C'est son ennemi intime, le juge anticorruption Sergio Moro, qui a émis jeudi en fin de journée un mandat de dépôt contre Luiz Inacio Lula da Silva. "Au vu de la fonction qu'il a occupée, il aura la possibilité de se présenter volontairement à la police fédérale de Curitiba (Sud)" avant vendredi 17H00 locales (20H00 GMT), selon le mandat consulté par l'AFP.
Le juge Moro a interdit "l'utilisation de menottes dans tous les cas de figure" et a précisé qu'une "salle réservée" a été prévue dans les locaux de la police pour l'ancien métallo devenu président, "à l'écart des autres prisonniers sans aucun risque pour son intégrité morale ou physique".
Lula se trouvait jeudi à Sao Paulo, à environ 400 km de Curitiba, ville où est basé Sergio Moro, qui avait condamné l'icône de la gauche latinoaméricaine en première instance en juillet, un jugement confirmé en appel à la mi-janvier. Peu après l'annonce de l'émission du mandat de dépôt, le Parti des Travailleurs (PT), fondé par Lula dans les années 1980, a annoncé une "mobilisation générale" contre son incarcération.
Plusieurs milliers de sympathisants étaient massés jeudi soir au siège du syndicat des métallurgistes, à l'extérieur de Sao Paulo, où Lula devait intervenir. L'ancienne présidente Dilma Rousseff a pris la parole tard dans la nuit, juchée sur un camion devant une foule compacte qui agitait drapeaux rouges et pancartes. "Lula est innocent et il n'y a pas de crime plus grave que de condamner un innocent", a-t-elle lancé.
L'ancien chef de l'Etat a accordé une interview à un célèbre journaliste politique brésilien Kennedy Alencar. "Lula a dit que la prison était quelque chose +d'absurde+ sur lequel s'obstinent le juge Moro et ceux qui veulent le voir +un jour prisonnier+", a écrit le reporter sur Twitter, aussitôt retweeté par l'ancien dirigeant de 72 ans.

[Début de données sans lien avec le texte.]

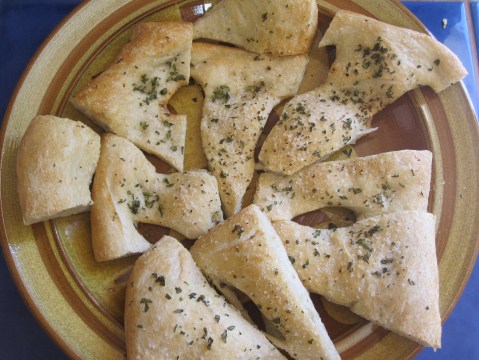 Though I have topped this bread many ways, my favorite remains brushing it with a garlic infused olive oil, sprinkling it with fresh herbs, and scattering coarse salt over the top. The outside becomes crunchy and brown, but the inside stays chewy and moist. The garlic flavor permeates the whole flatbread and the salt provides a crunch. It was a great accompaniment to our Huevos Diablos con Chorizo the other morning. Topping it with thinnly sliced apples is a close second, for a sweet version that is suitable for both brunch or dessert, though I would sweeten it up a bit more if serving it for dessert.
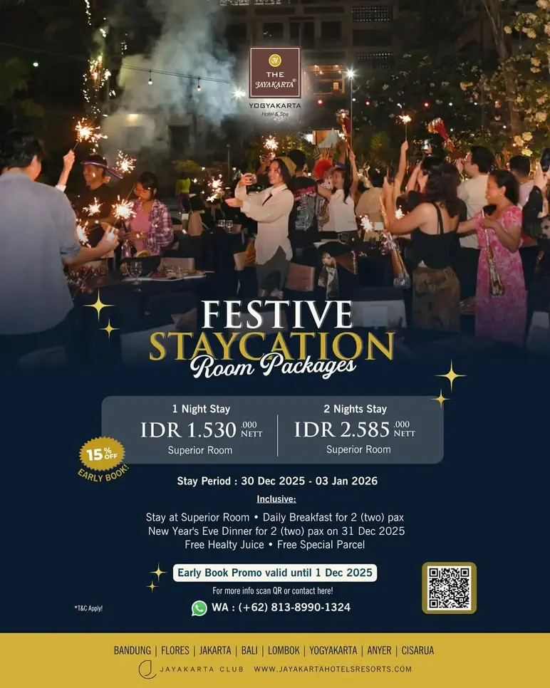 The Jayakarta presents a Festive Staycation to welcome a more meaningful New Year. Starting from IDR 1,530,000 nett to IDR 2,585,000 nett, including a stay in a Superior Room, breakfast for 2 pax, New Year's Eve Dinner for 2 pax on December 31, 2025, free healthy juice, and a free special parcel. For early bookings until December 1, 2025, guests can get a 15% discount with a stay period from December 30, 2025, to January 3, 2026.
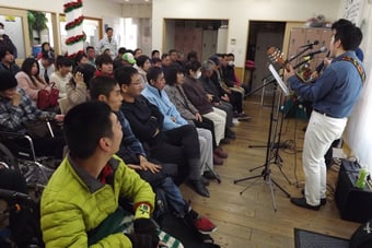 12月23日にジョイジョイワーク引野にてクリスマスコンサートが開かれました。毎年招待させて頂いている東林館高校の喜田理事長率いる「ペットボトラーズ」のデュオがギターを奏でてのコンサートでバラードを中心に数曲。その後はクリスマスにちなんだ「ジングルベル」と「赤鼻のトナカイ」を皆で大合唱してクリスマス気分を味わうことが出来ました。その日の昼食はすき焼きで心も体も腹いっぱいとなり、大満足の一日となったのではないでしょうか。
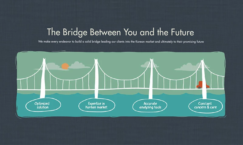 We make every endeavor to build a solid bridge leading our clients into the Korean market and ultimately to their promising future.

Dans la nuit de mercredi à jeudi, la Cour suprême du Brésil avait rejeté une demande d'habeas corpus qui aurait permis à l'ex-président (2003-2010) de rester en liberté jusqu'à l'épuisement de tous les recours. Lula, 72 ans, a été condamné pour avoir reçu un luxueux appartement en bord de mer de la part d'une entreprise de bâtiment en échange de faveurs dans l'obtention de marchés publics.

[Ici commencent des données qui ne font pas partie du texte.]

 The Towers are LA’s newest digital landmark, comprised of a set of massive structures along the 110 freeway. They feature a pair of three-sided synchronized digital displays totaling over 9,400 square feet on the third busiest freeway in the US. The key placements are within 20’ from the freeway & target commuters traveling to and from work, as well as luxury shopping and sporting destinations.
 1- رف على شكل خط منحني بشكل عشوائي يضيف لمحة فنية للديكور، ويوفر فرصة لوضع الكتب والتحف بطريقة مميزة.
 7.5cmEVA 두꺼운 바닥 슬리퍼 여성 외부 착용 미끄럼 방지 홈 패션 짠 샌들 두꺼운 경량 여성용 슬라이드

Le poids lourd de la gauche au bord du KO, également sous le coup de six autres procédures judiciaires, nie farouchement, invoquant l'absence de preuves et dénonçant un complot visant à l'empêcher de se présenter à la présidentielle d'octobre. C'est une "violence sans précédents dans notre histoire démocratique", a réagi Gleisi Hoffmann, présidente du PT. "Un juge chargé de haine et de rancune, sans preuves" décide d'un "emprisonnement politique, qui rappelle les temps de la dictature", a-t-elle ajouté.
Situation ubuesque: Lula peut même faire campagne derrière les barreaux. La loi de "Ficha Limpa" (casier propre) le rend en théorie inéligible au vu de sa condamnation en appel. Mais sa candidature ne sera analysée formellement qu'en septembre par la justice électorale et ses avocats ont l'intention de multiplier les recours d'ici là.
Selon les analystes, sa candidature a de grandes chances d'être invalidée par la justice électorale, mais la stratégie du PT est de surfer sur l'émoi que suscite son incarcération pour qu'ensuite le "Plan B", un autre membre du parti, bénéficie du report de voix. "Si Lula pouvait être candidat, il arriverait automatiquement au second tour. Avec l'avance qu'il a dans les sondages il aurait été très peu probable qu'il n'y soit pas. Mais sans Lula, le jeu est ouvert", estime Michael Mohallem.
Mercredi soir, l'annonce de son revers face à la Cour suprême a été accueillie par des célébrations et des feux d'artifice de ses détracteurs à Brasilia. Dans ce pays qui a vécu sous le joug de la dictature militaire de 1964 à 1985, c'est le député d'extrême droite Jair Bolsonaro, grand nostalgique de cette époque, qui arrive derrière Lula dans les intentions de vote. "Le Brésil a marqué un but contre l'impunité et la corruption, mais ce n'est qu'un but, l'ennemi n'est pas encore vaincu", a-t-il déclaré dans une vidéo sur Youtube, appelant à élire en octobre un président "qui soit honnête".